Een gigantisch succesvolle carrière hebben we allebei niet gehad, maar allebei hebben wij die ambitie ook nooit gehad: wij wilden niet leven om te werken, maar werken om te leven. En dus zorgden we ervoor dat we een prima baan hadden en genoeg verdienden zodat we lekker vaak op vakantie konden en veel uit eten konden — Frank en ik houden allebei heel erg van diners.

 

Vrienden omschrijven ons als het ideale stel. Maar dat klinkt een beetje saai, niet? En dat is ook precies wat Frank en ik zijn: saai. Al vanaf het begin rolde ik met m’n ogen als mensen ons een perfect stel noemden, of zeiden dat we het goed voor elkaar hadden. Eerst deed ik dat omdat ik me een beetje gegeneerd voelde, want vaak werd dat toch gezegd met een onderliggende jaloezie. Maar nu rol ik met m’n ogen omdat ik denk: ‘Jullie moesten eens weten.’

 

Want als ik terugdenk aan toen ik jong was en de dromen die ik had, welke daarvan zijn nou uitgekomen? Ik wilde moeder worden en ik hou zielsveel van m’n kinderen; dat is gelukt. Maar ik wilde reizen, de wereld zien.
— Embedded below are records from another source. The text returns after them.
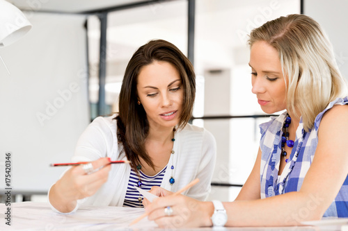 © Sergey Nivens, Obraz premium Image of two young business women in office
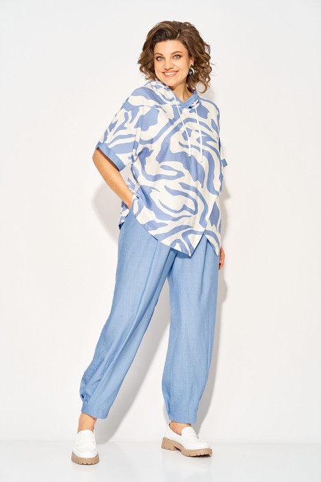 Стильный летний костюм, состоящий из удлиненной туники свободного покроя и брюк. Оригинальная туника из вискозы   добавлением льна. Модель с цельнокроеным укороченным рукавом и ассиметричным подрезом по полочке. Модель с легким капюшоном и кулисой на шнуровке. Низ изделия разноуровневый. Спинка цельная. В комплекте свободные брючки, завышенной посадки. Брюки на притачном поясе с круговой резинкой. Имеются боковые карманы. Низ с заложенными складками, что придает изделию более спортивный образ.
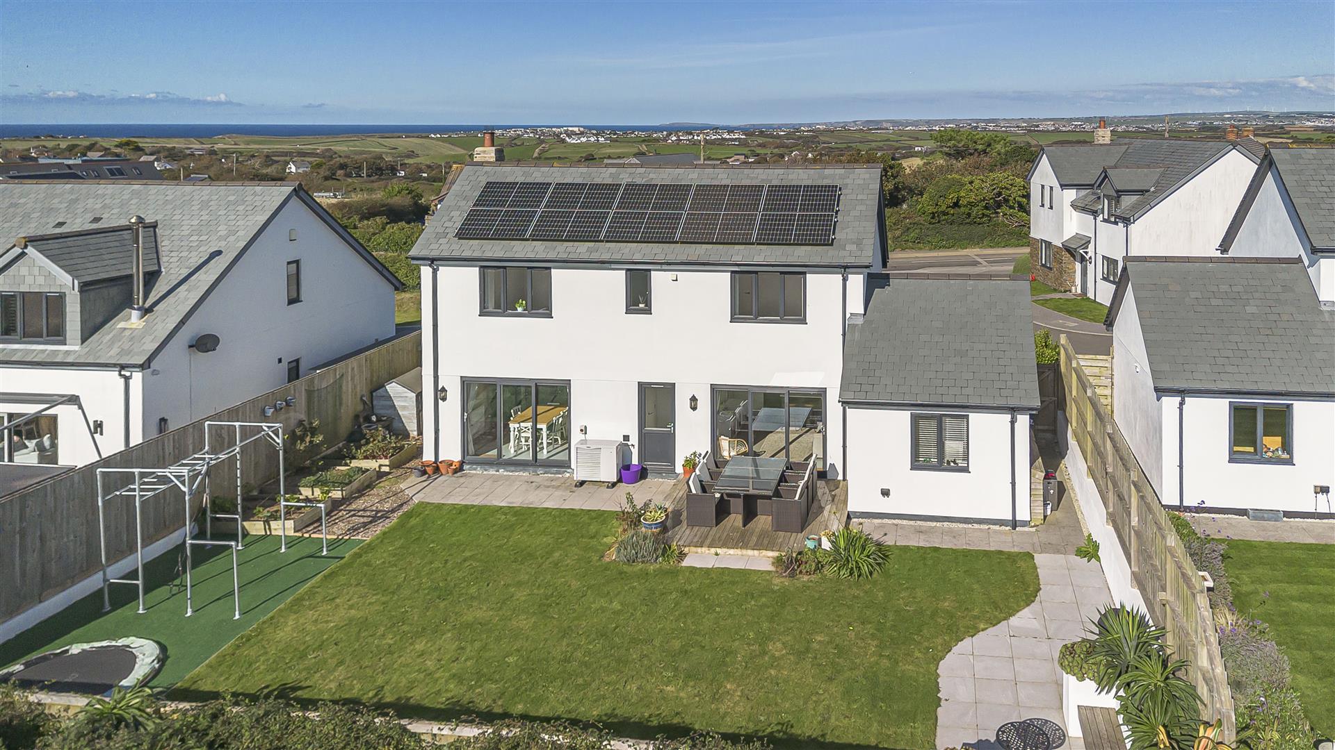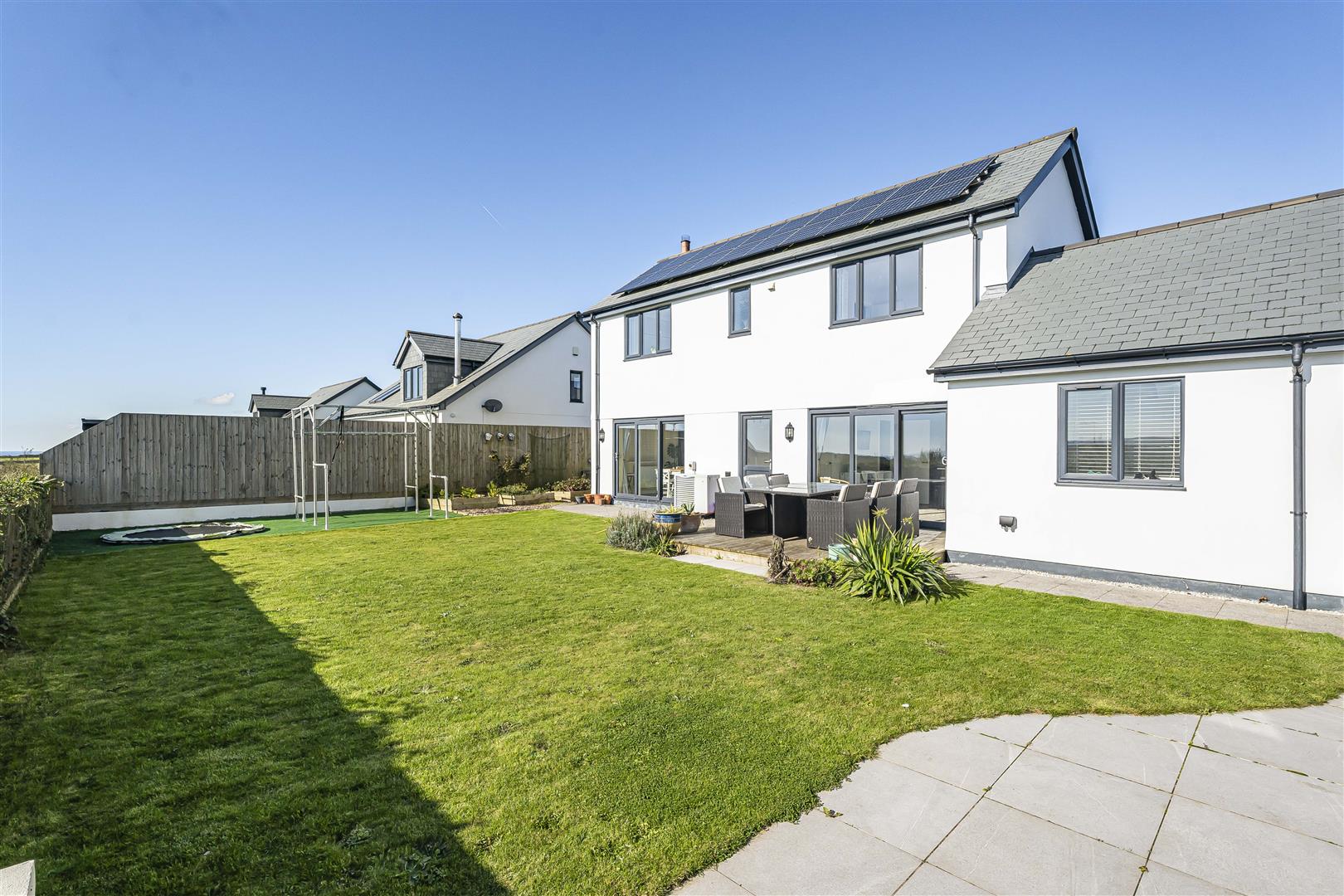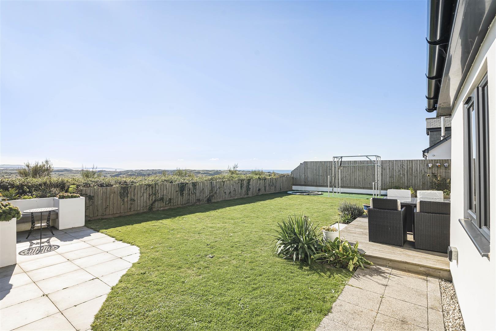 Externally - The rear garden has been thoughtfully landscaped to maximise both enjoyment and outlook. It features a sun deck, porcelain patio, vegetable patch, and a children’s play area laid with artificial grass. The main garden is laid to lawn, with uninterrupted south-westerly views over the North Cornish coast an undeniably impressive spot for summer bbq's and family events or even relaxing in the sun.
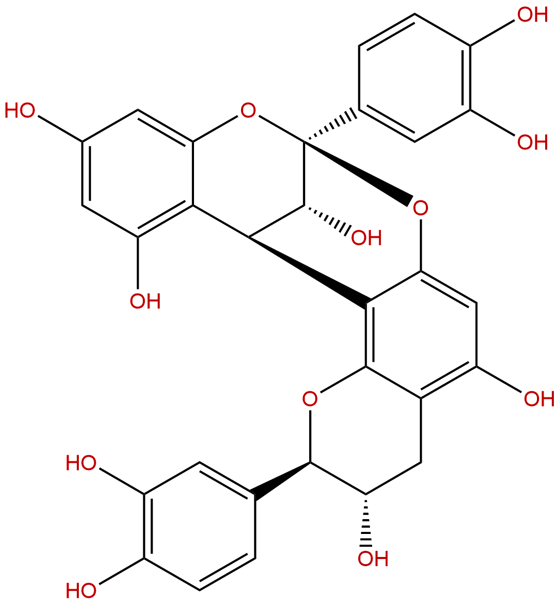 InChI: InChI=1S/C30H24O12/c31-13-7-20(37)24-22(8-13)41-30(12-2-4-16(33)19(36)6-12)29(39)26(24)25-23(42-30)10-17(34)14-9-21(38)27(40-28(14)25)11-1-3-15(32)18(35)5-11/h1-8,10,21,26-27,29,31-39H,9H2/t21-,26+,27+,29+,30-/m0/s1
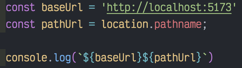현재 로컬 주소를 baseUrl 변수로 저장하고 location 훅에서 가져온 경로를 pathUrl 변수로 저장합니다. 이후 출력해 보면 현재 페이지의 주소가 잘 나오는 것을 확인할 수 있습니다.
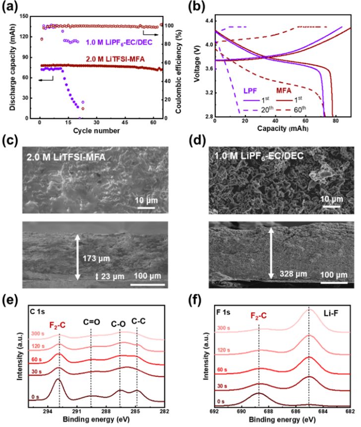 图4. MFA电解液在金属锂电池中的电化学性能。
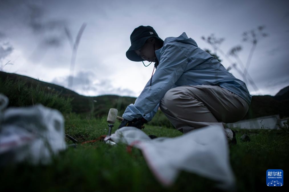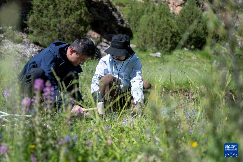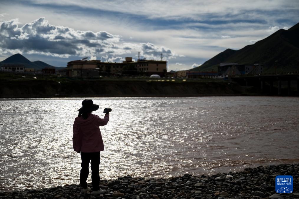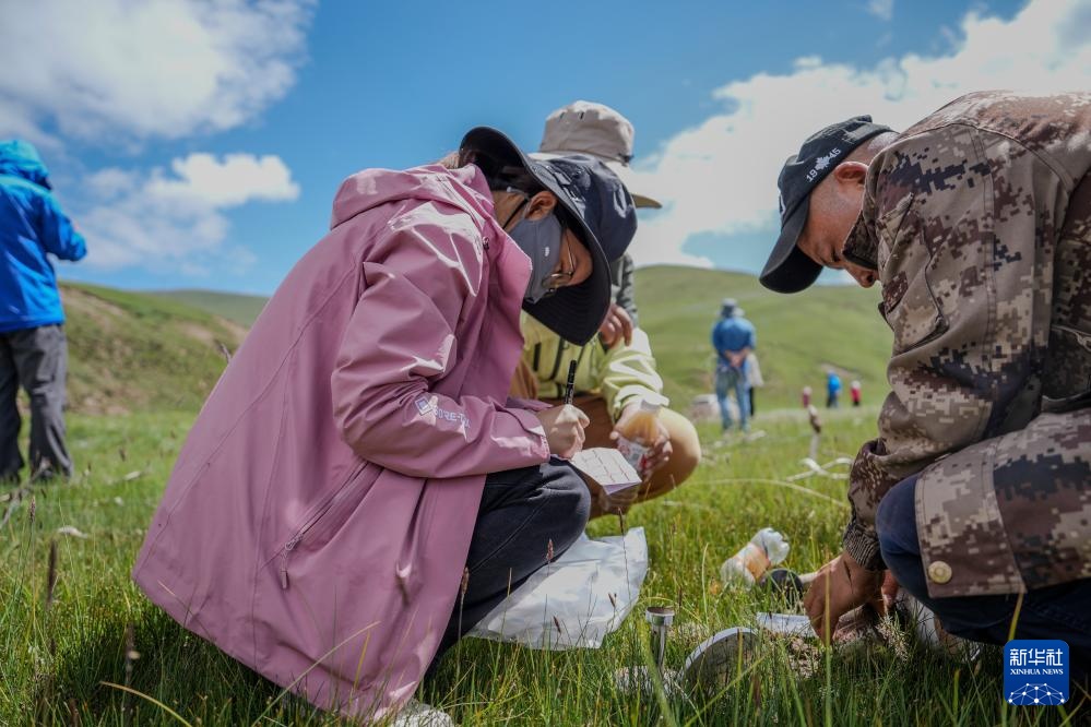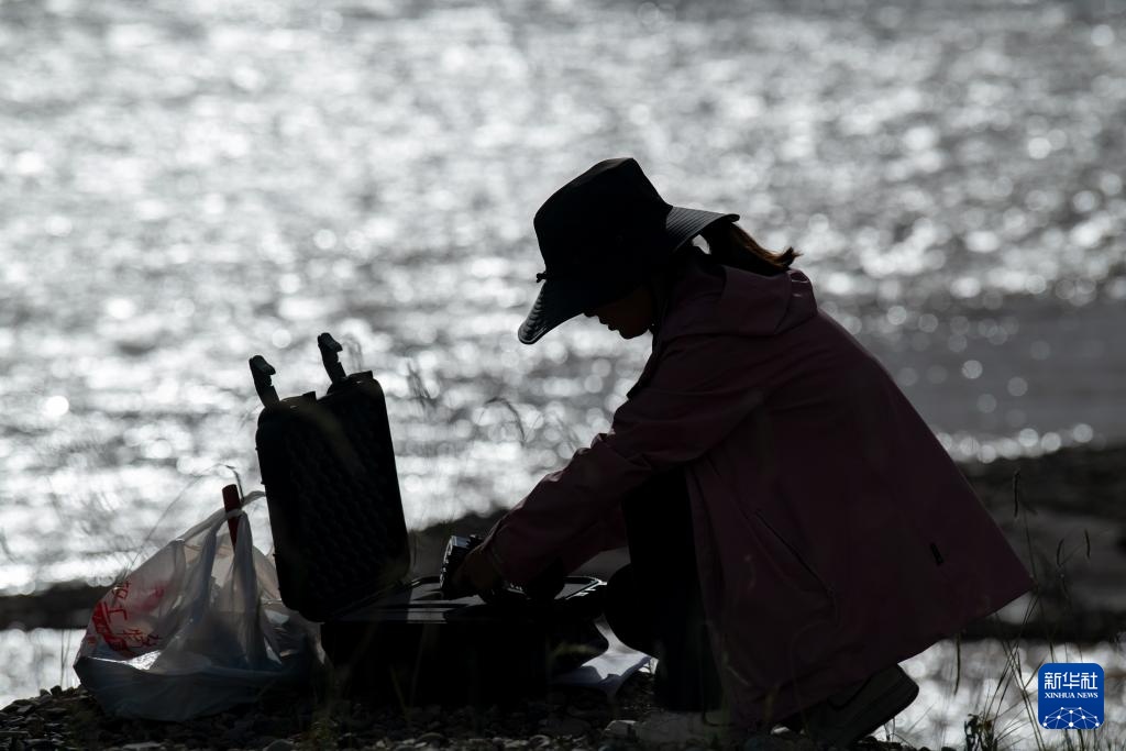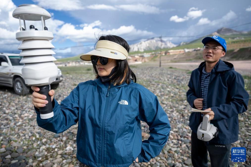 7月23日,长江科学院水资源综合管理研究所的程淑婕在通天河曲麻莱河段测量土壤温湿度。
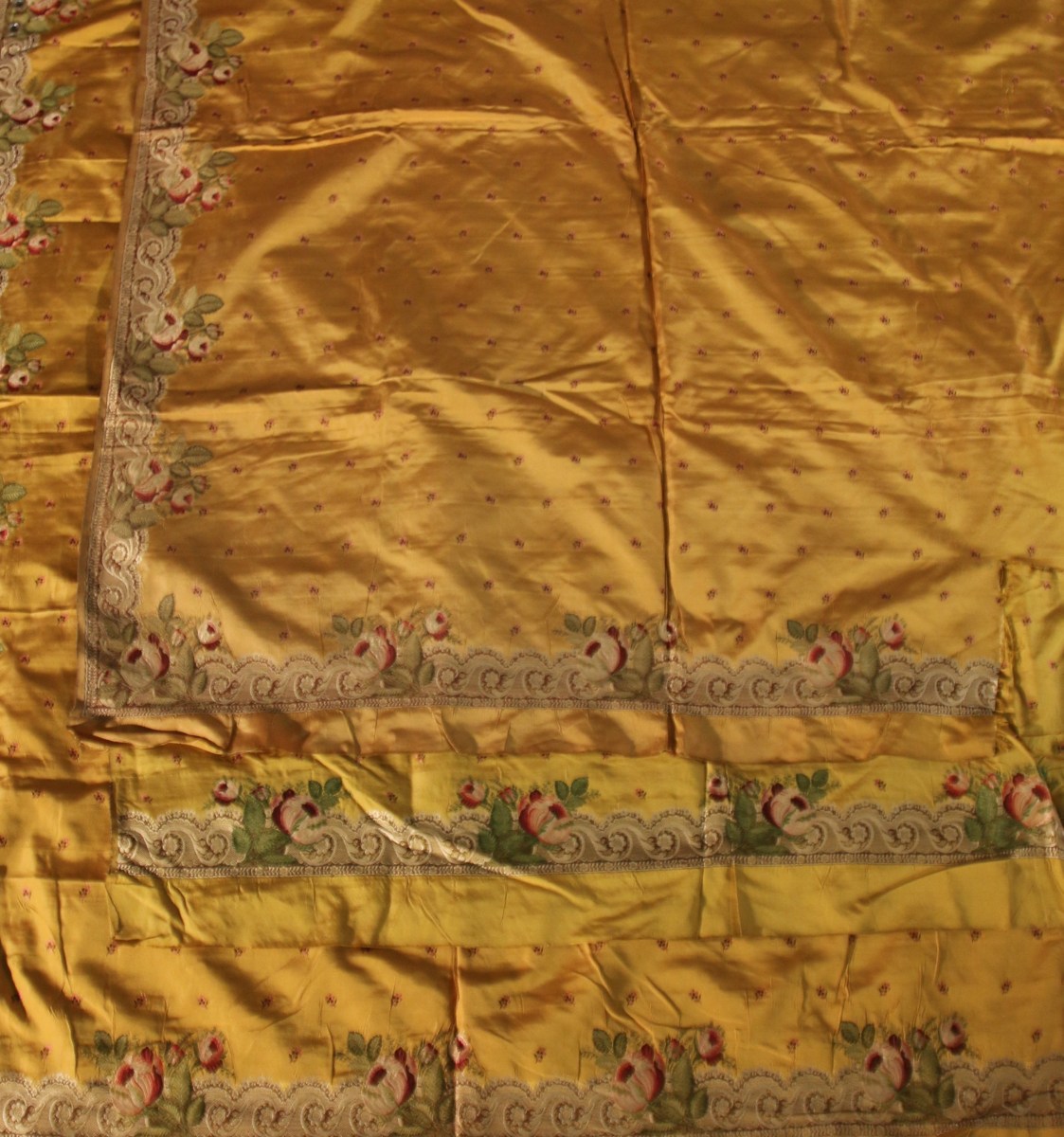 Trois angles de RIDEAUX, style du XVIIIème siècle, faille jaune brochée de fleurettes, bordure brochée de rinceaux et fleurs (trois teintes de jaune).
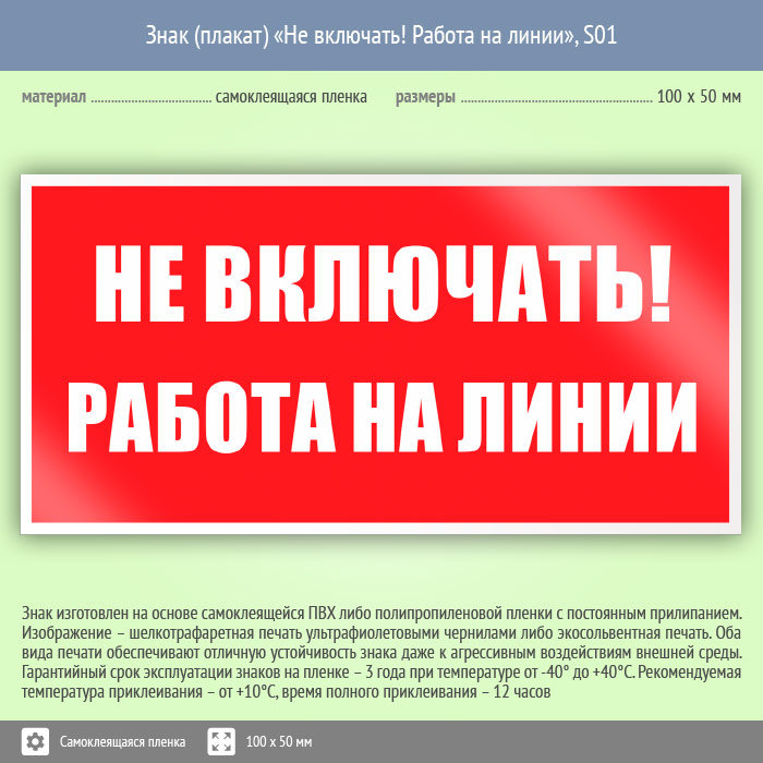 Знак (плакат) «Не включать! Работа на линии», S01 (пленка, 100х50 мм) в Волгограде купить
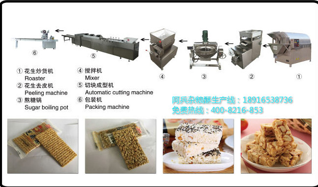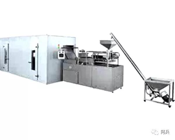 (图为:燕麦酥生产线 主要设备:风送机、双螺杆膨化机、糖果搅拌机、燕麦酥成型机)
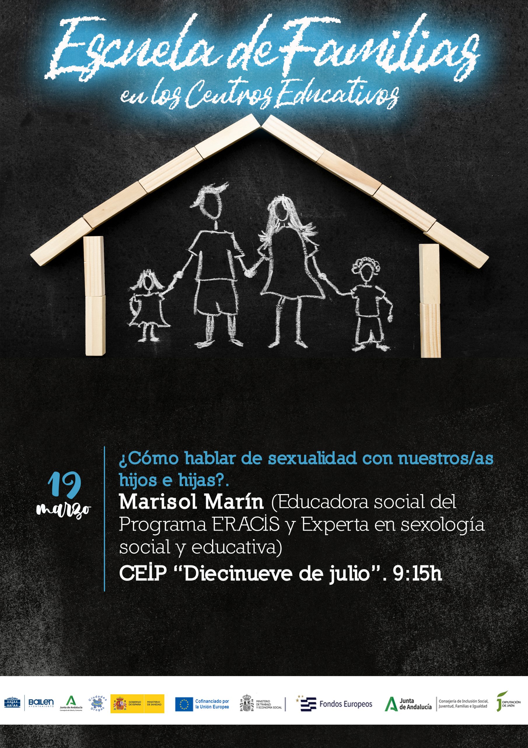 El Ayuntamiento de Bailén organiza a través del Programa ‘Ciudades ante las drogas’ la tercera sesión de la Escuela de Familias prevista para la mañana del 19 de marzo en el CEIP 19 de Julio. La actividad, subvencionada por el Ayuntamiento y la Consejería de Salud y Consumo, con la colaboración de la Diputación de Jaén, está dirigida a los padres y madres de cualquier centro educativo del municipio que estén interesados en cómo educar a sus hijos e hijas en sexualidad.
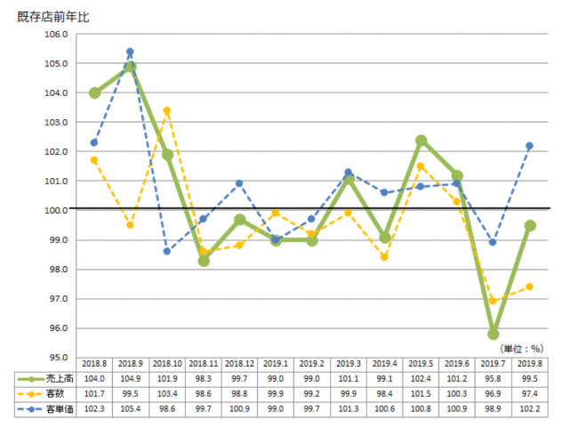 全店ベースでは、売上高は前年比0.8%増の578億1900万円。8月3日(土)に神奈川県川崎市に「川崎ルフロン店」を新規出店し、店舗数は274店舗となる。前年同月比で5店舗増えている。
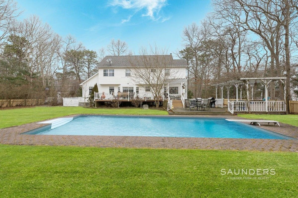 Located in the Greater Westhampton Beach area, at the end of a quiet cul-de-sac on a well manicured full acre, sits a five bedroom, three and one half-bath colonial styled home. Recently renovated, this welcoming home offers an updated kitchen with granite countertops and stainless-steel appliances, hardwood flooring throughout, and updated bathrooms. Other features include a large in-ground pool, multi-level decking, two car garage, finished
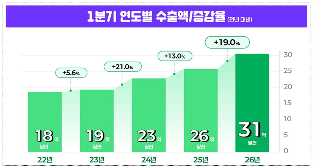 식품의약품안전처는 6일 ‘2026년 1분기 화장품 수출 통계’를 발표했다. 올해 1분기 수출액은 작년 1분기보다 19% 증가한 31억 달러로 역대 최대치를 경신했다.
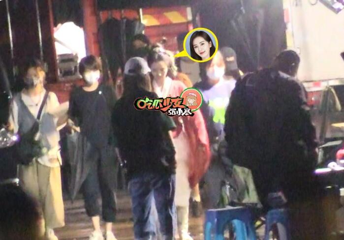 14日,《脱轨》新路透曝出,刘浩存身穿白色西装短裤,撑伞走入片场。
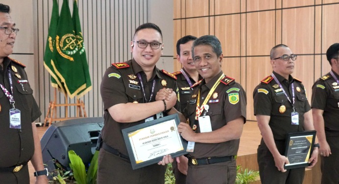 Penghargaan diserahkan langsung oleh Kepala Kejaksaan Tinggi Kalimantan Selatan, Tiyas Widiarto, S.H., M.H. kepada Kepala Kejaksaan Negeri Barito Kuala, Dr. Andrianto Budi Santoso, S.H., M.H. pada acara kegiatan Rapat Kerja Daerah (Rakerda) 2025 yang diikuti oleh Pejabat di Kejaksaan Tinggi Kalimantan Selatan dan seluruh Kepala Kejaksaan Negeri se-Kalimantan Selatan.
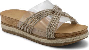 Braided espadrille trims the midsole of a wedge heel of this on-trend sandal sure to add glamour to your outfit.

Frank vindt onze vakanties naar Spanje en Italië al ver genoeg. Boeken wilde ik schrijven, fotografie wilde ik onder de knie krijgen, en een schildercursus volgen. Nergens is wat van terecht gekomen. En dat neem ik Frank niet kwalijk hoor, het is mijn eigen schuld.

 

Wat ik steeds meer begin te beseffen, is dat ik met mijn beste vriend ben getrouwd. Niet met de man waar ik verliefd op ben. Niet dat er een ander is, maar tussen Frank en mij is er nooit sprake geweest van een echte verliefdheid. Dat zie ik nu, sinds de kinderen uit huis zijn. We zijn aangewezen op elkaar en het is gezellig, we kunnen het hartstikke goed met elkaar vinden. Maar verliefdheid? Vlinders? Die heb ik nooit gehad.

 

Vroeger zei ik altijd dat ik kleffe stelletjes haatte en een hekel had aan hand-in-hand lopen. Frank zei dat hij daar net zo in stond; een intiem stel zijn we nooit echt geweest, zeker niet naar de buitenwereld toe. Maar ook binnenshuis is er weinig sprake van affectie. Nooit knuffelen op de bank, nooit even een zoen, seks is meer een routinematig klusje dat we allebei wel prettig vinden, maar het is nooit vuurwerk geweest.

 

Sinds twee jaar ben ik steeds meer aan het twijfelen. Is er niet meer dan dit? Ik hou van Frank, maar het is mij heel duidelijk dat dat eigenlijk altijd alleen vriendschap was. Er is geen ander, nooit geweest ook, maar ik verlang er wel naar. Niet naar iemand in het bijzonder, maar gewoon íemand waarmee ik wel die passie kan hebben. Die naar mij verlangt, en ik naar hem. Verdienen Frank en ik dat niet allebei? Ik kan me niet voorstellen dat hij vindt dan onze relatie op dit moment een 10 is. Onze verstandhouding en onze vriendschap, die zijn dat zeker wel. Maar is dat genoeg?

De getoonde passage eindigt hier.